Range to repeat from the listing below: the line containing "Black and Silver" down to the line containing "仿旧长沙装修风格,有不同的场", both included. Copy it exactly, pictures excluded, and add nothing else.
Segment Start: GIVEN ENTRIES
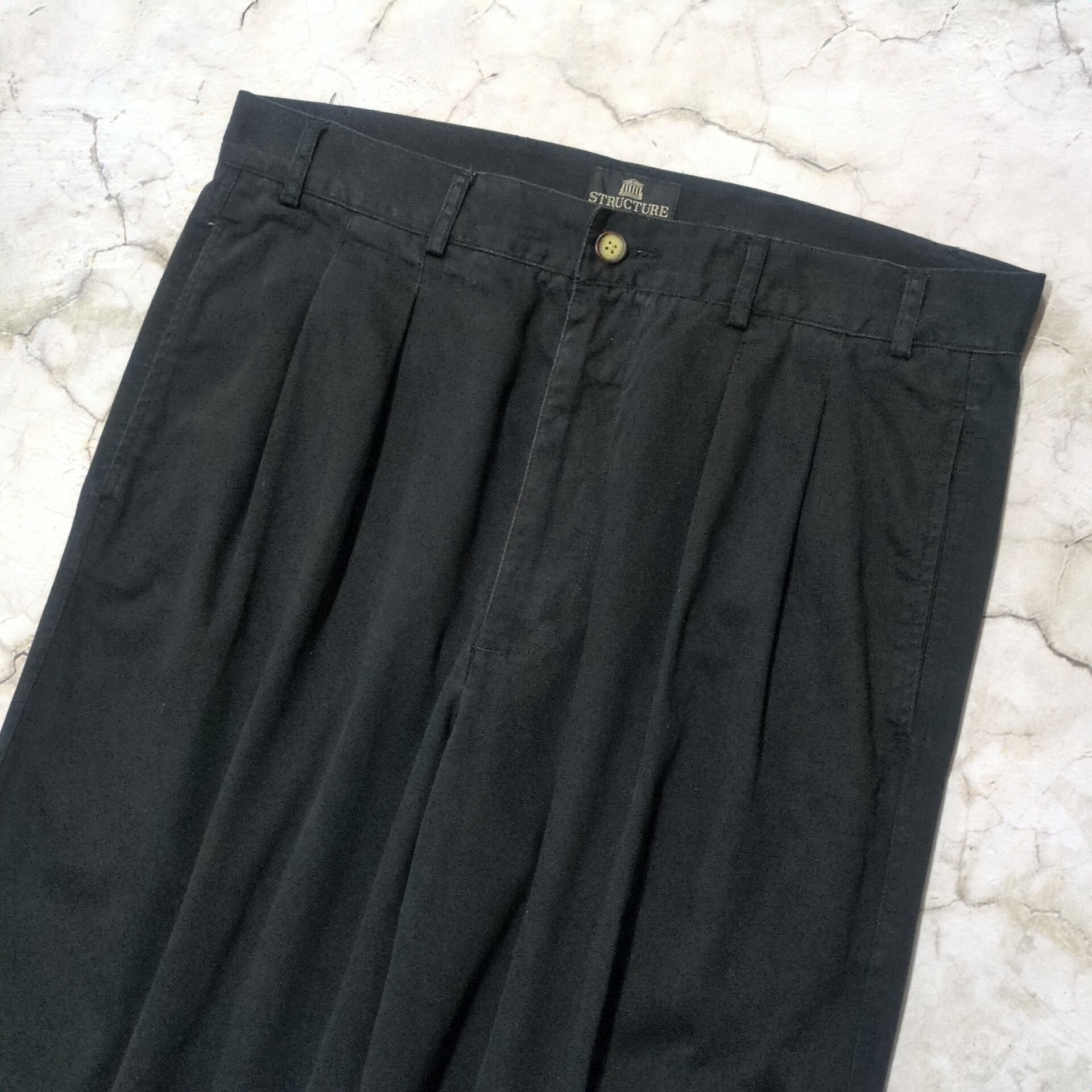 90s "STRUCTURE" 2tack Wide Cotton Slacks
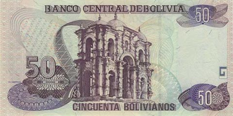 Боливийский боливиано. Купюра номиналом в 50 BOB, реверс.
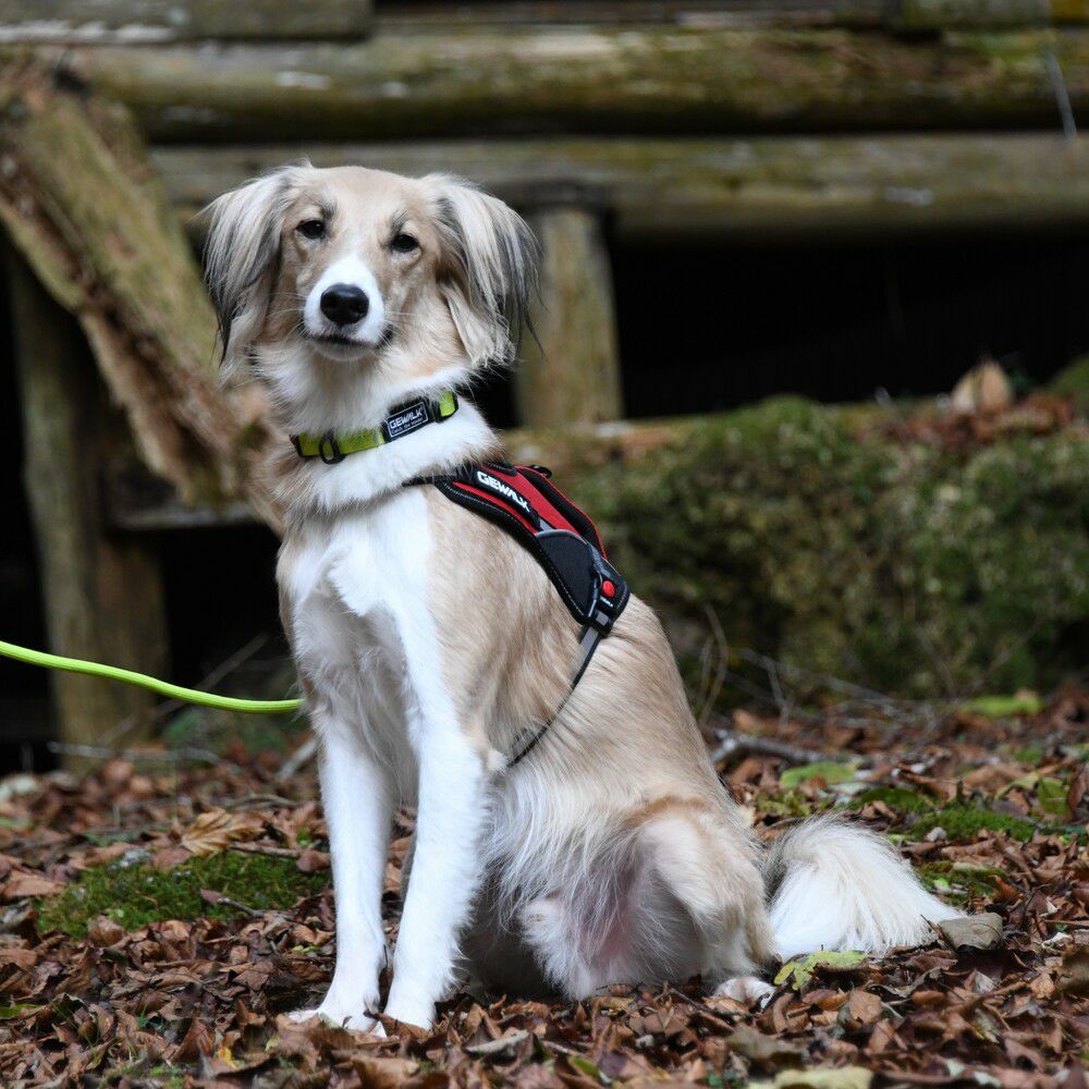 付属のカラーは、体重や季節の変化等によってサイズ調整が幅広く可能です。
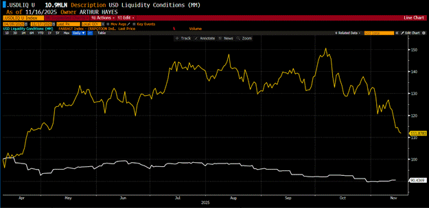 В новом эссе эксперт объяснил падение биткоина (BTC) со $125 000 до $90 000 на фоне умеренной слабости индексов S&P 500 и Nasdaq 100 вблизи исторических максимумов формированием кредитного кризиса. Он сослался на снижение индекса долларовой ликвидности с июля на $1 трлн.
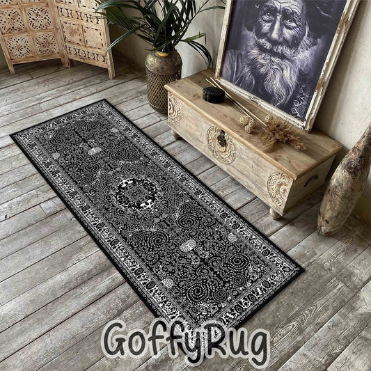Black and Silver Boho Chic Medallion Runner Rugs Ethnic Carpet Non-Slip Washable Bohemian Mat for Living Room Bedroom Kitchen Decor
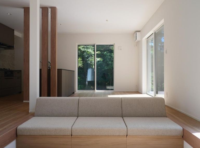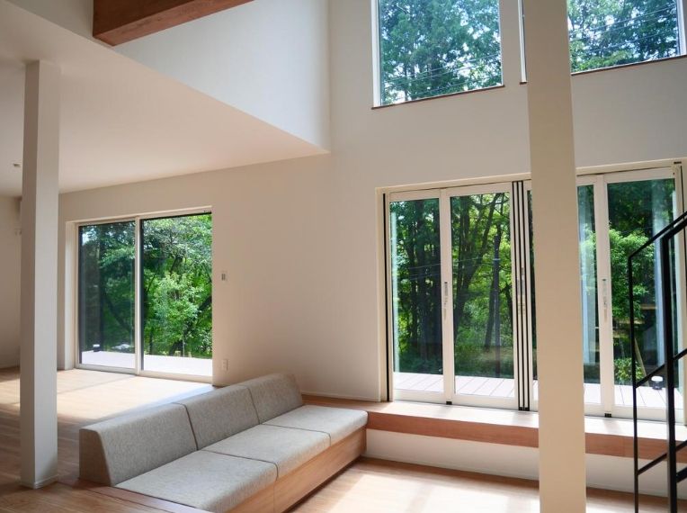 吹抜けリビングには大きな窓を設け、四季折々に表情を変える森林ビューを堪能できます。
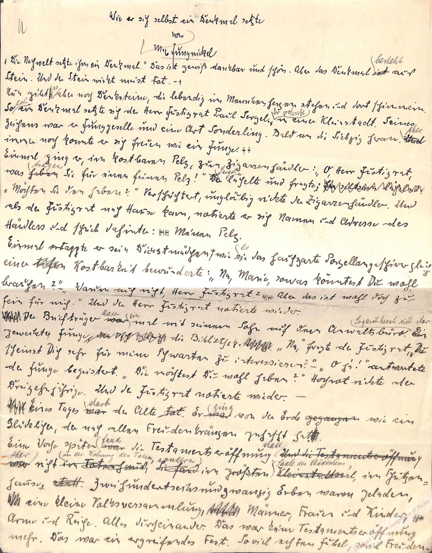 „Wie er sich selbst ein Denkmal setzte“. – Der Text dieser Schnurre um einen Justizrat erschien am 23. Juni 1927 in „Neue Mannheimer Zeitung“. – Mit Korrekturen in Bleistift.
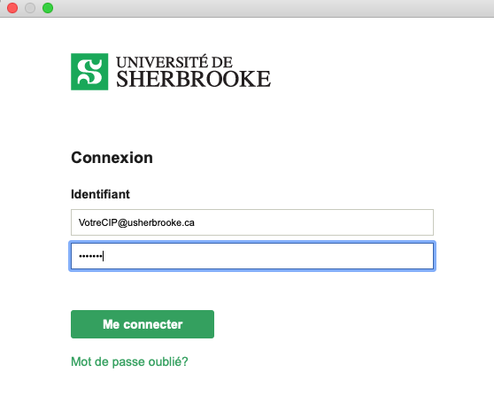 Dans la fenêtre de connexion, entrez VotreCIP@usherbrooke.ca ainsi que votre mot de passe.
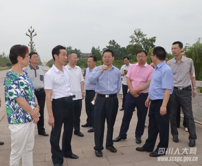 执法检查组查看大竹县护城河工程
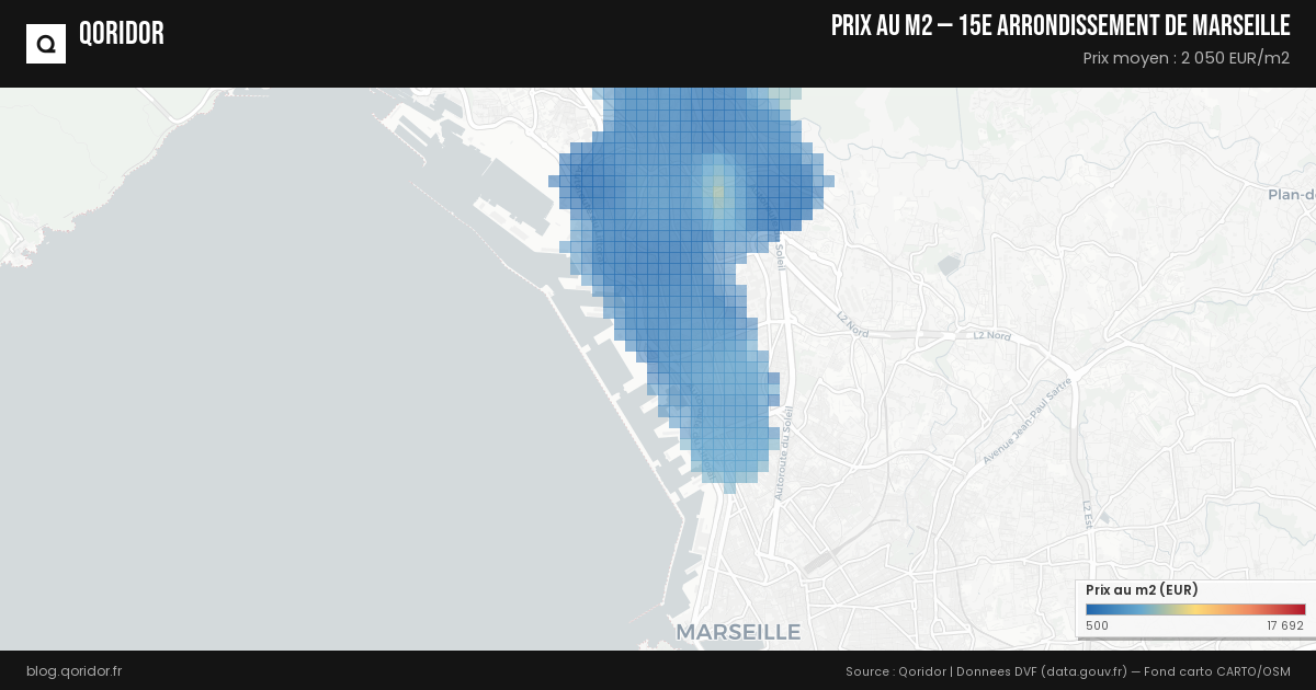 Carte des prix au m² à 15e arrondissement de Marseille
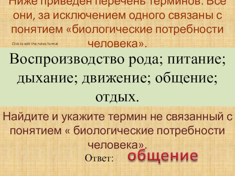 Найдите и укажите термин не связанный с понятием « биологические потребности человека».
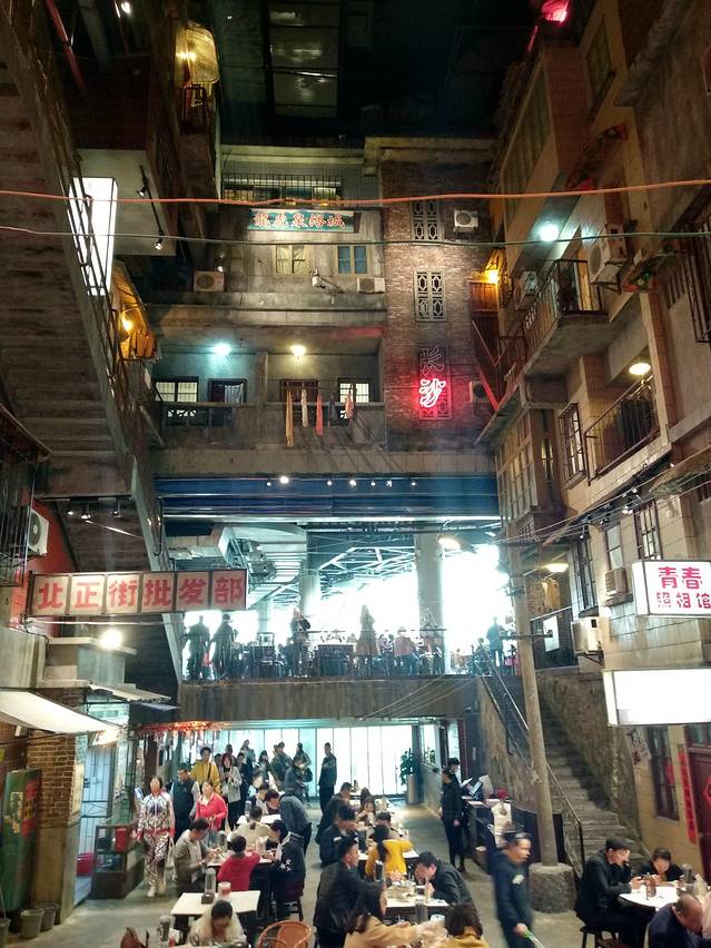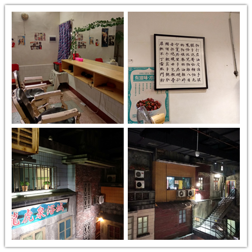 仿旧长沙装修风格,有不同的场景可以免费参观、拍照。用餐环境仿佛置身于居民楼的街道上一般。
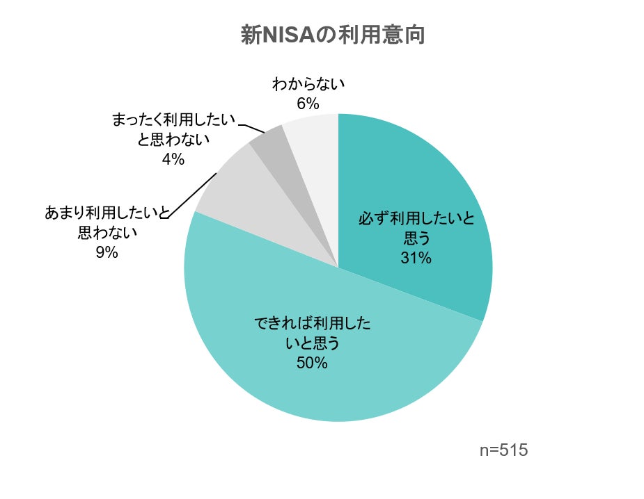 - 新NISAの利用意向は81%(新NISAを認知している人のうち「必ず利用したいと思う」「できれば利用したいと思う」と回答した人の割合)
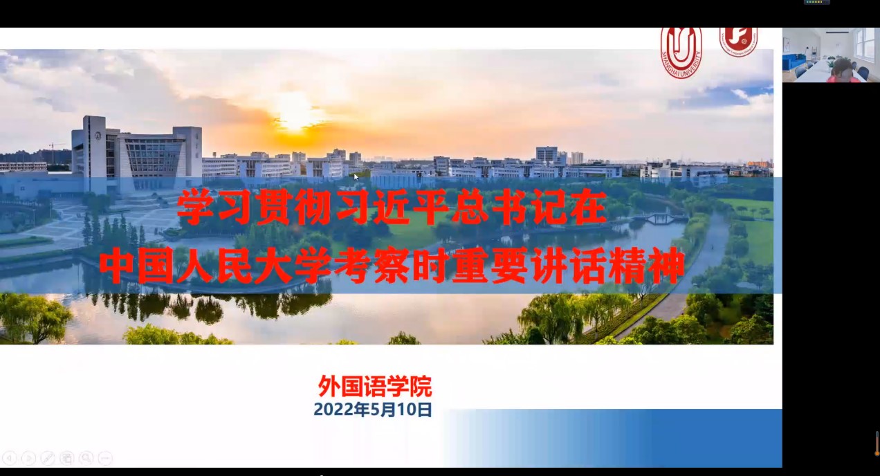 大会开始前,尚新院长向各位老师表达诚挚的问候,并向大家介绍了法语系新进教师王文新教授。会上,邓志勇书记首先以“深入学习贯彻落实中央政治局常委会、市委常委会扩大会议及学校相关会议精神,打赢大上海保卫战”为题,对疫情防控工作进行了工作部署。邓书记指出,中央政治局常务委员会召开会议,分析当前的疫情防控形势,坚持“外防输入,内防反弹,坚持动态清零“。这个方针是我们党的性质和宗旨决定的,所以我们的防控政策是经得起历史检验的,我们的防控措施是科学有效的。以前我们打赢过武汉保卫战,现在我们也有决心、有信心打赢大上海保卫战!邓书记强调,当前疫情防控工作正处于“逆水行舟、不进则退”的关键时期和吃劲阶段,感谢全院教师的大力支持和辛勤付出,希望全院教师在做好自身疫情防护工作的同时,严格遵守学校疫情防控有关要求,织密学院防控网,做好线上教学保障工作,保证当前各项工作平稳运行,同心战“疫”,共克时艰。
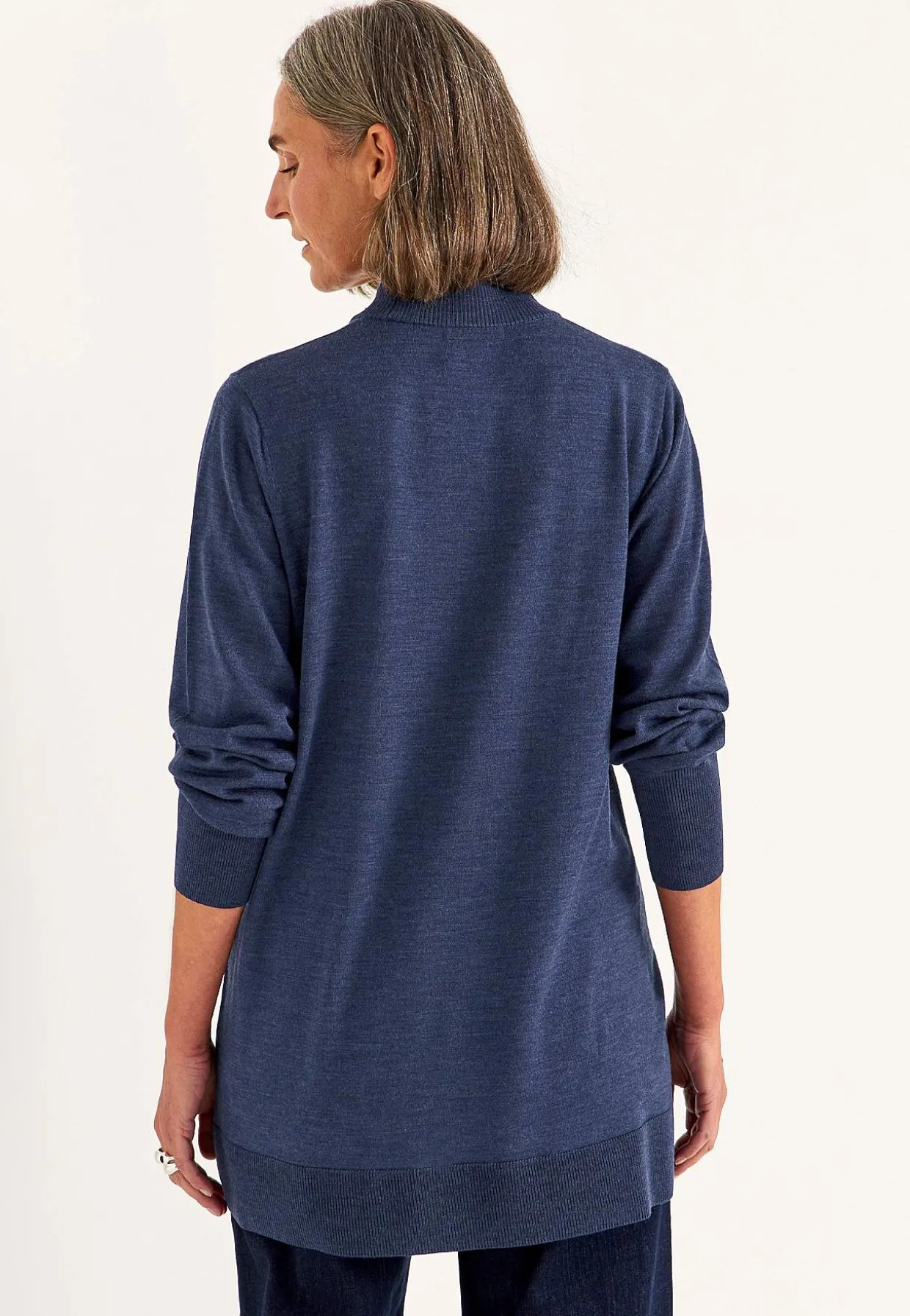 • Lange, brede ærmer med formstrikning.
Segment End: GIVEN ENTRIES
OUTPUT OF THE EXERCISE ->
Black and Silver Boho Chic Medallion Runner Rugs Ethnic Carpet Non-Slip Washable Bohemian Mat for Living Room Bedroom Kitchen Decor
 吹抜けリビングには大きな窓を設け、四季折々に表情を変える森林ビューを堪能できます。
 „Wie er sich selbst ein Denkmal setzte“. – Der Text dieser Schnurre um einen Justizrat erschien am 23. Juni 1927 in „Neue Mannheimer Zeitung“. – Mit Korrekturen in Bleistift.
 Dans la fenêtre de connexion, entrez VotreCIP@usherbrooke.ca ainsi que votre mot de passe.
 执法检查组查看大竹县护城河工程
 Carte des prix au m² à 15e arrondissement de Marseille
 Найдите и укажите термин не связанный с понятием « биологические потребности человека».
 仿旧长沙装修风格,有不同的场景可以免费参观、拍照。用餐环境仿佛置身于居民楼的街道上一般。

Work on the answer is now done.